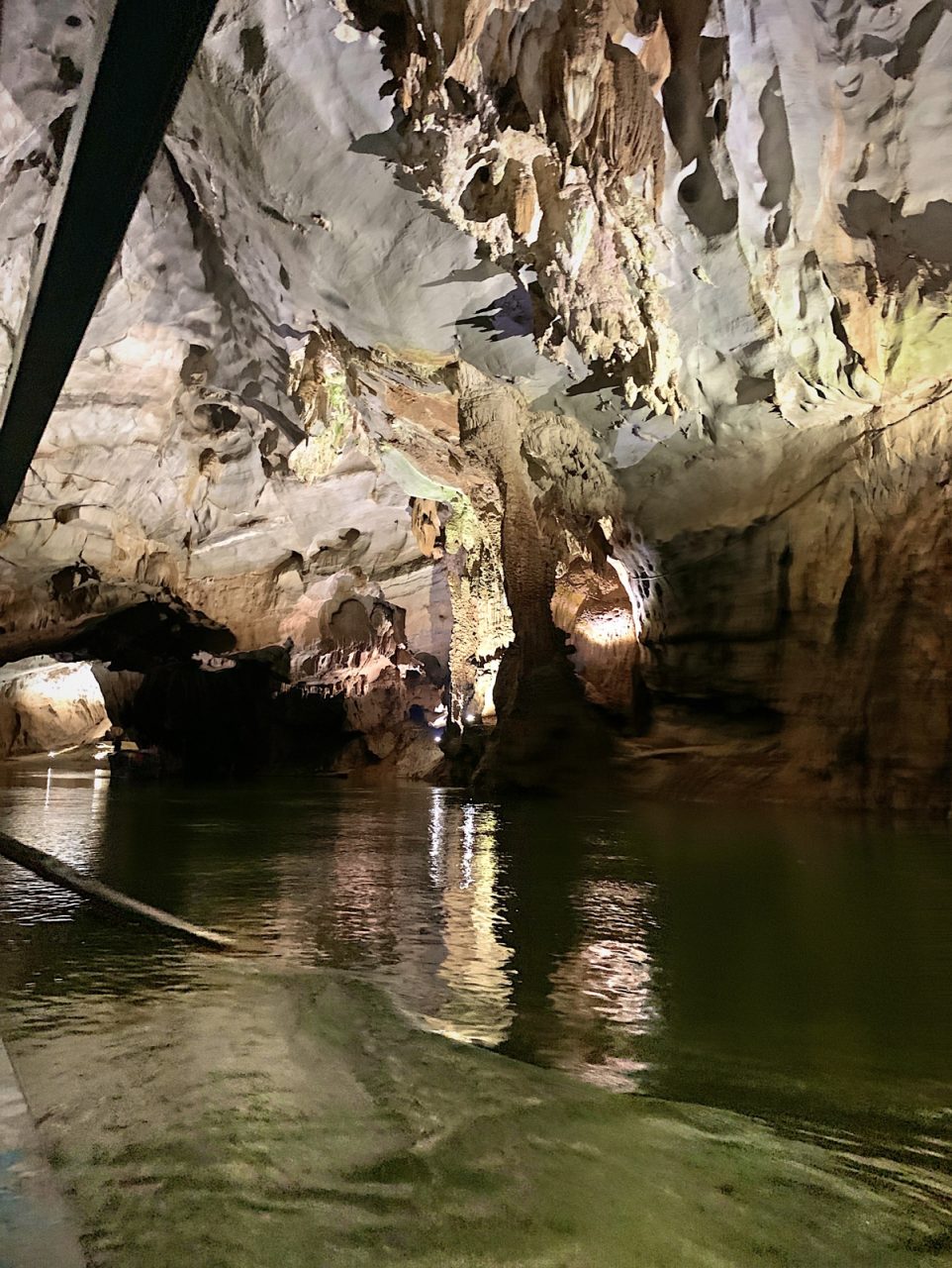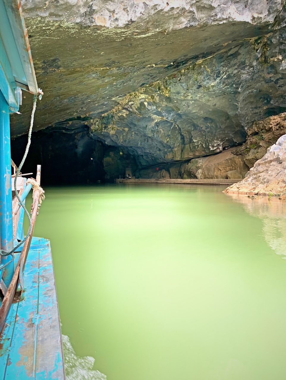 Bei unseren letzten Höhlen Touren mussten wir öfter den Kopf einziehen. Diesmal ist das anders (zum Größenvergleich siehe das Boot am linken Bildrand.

==

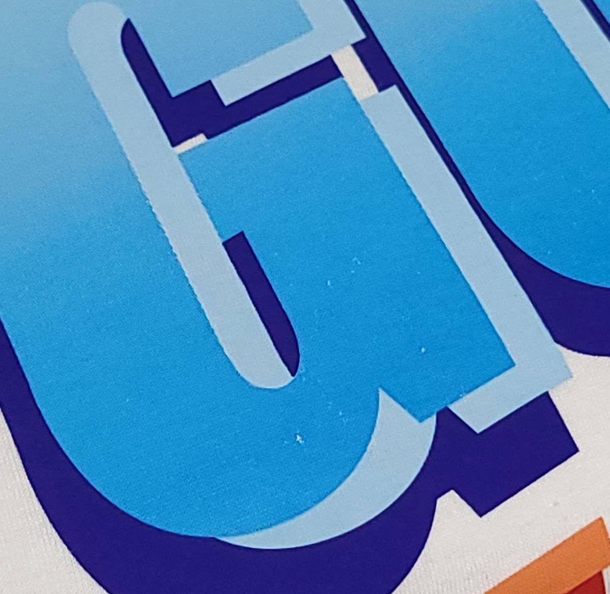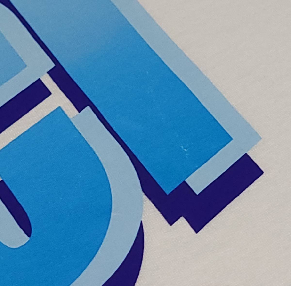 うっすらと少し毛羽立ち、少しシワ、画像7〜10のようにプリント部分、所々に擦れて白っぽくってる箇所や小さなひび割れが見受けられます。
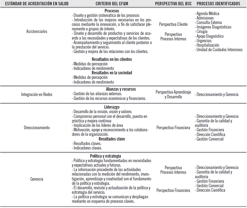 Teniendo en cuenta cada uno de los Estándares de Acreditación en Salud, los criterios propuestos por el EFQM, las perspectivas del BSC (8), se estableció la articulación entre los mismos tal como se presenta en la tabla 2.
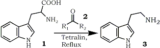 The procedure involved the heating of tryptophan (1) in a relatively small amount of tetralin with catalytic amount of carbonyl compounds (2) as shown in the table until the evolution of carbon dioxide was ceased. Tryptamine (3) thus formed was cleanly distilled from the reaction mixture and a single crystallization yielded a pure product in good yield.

→ **What to do**: In the records above, find the line containing "Teniendo en cuenta" and the line containing "The procedure involved", then give both of them again word for word along with every line between. Omit any pictures.

→ **Your solution**:
 Teniendo en cuenta cada uno de los Estándares de Acreditación en Salud, los criterios propuestos por el EFQM, las perspectivas del BSC (8), se estableció la articulación entre los mismos tal como se presenta en la tabla 2.
 The procedure involved the heating of tryptophan (1) in a relatively small amount of tetralin with catalytic amount of carbonyl compounds (2) as shown in the table until the evolution of carbon dioxide was ceased. Tryptamine (3) thus formed was cleanly distilled from the reaction mixture and a single crystallization yielded a pure product in good yield.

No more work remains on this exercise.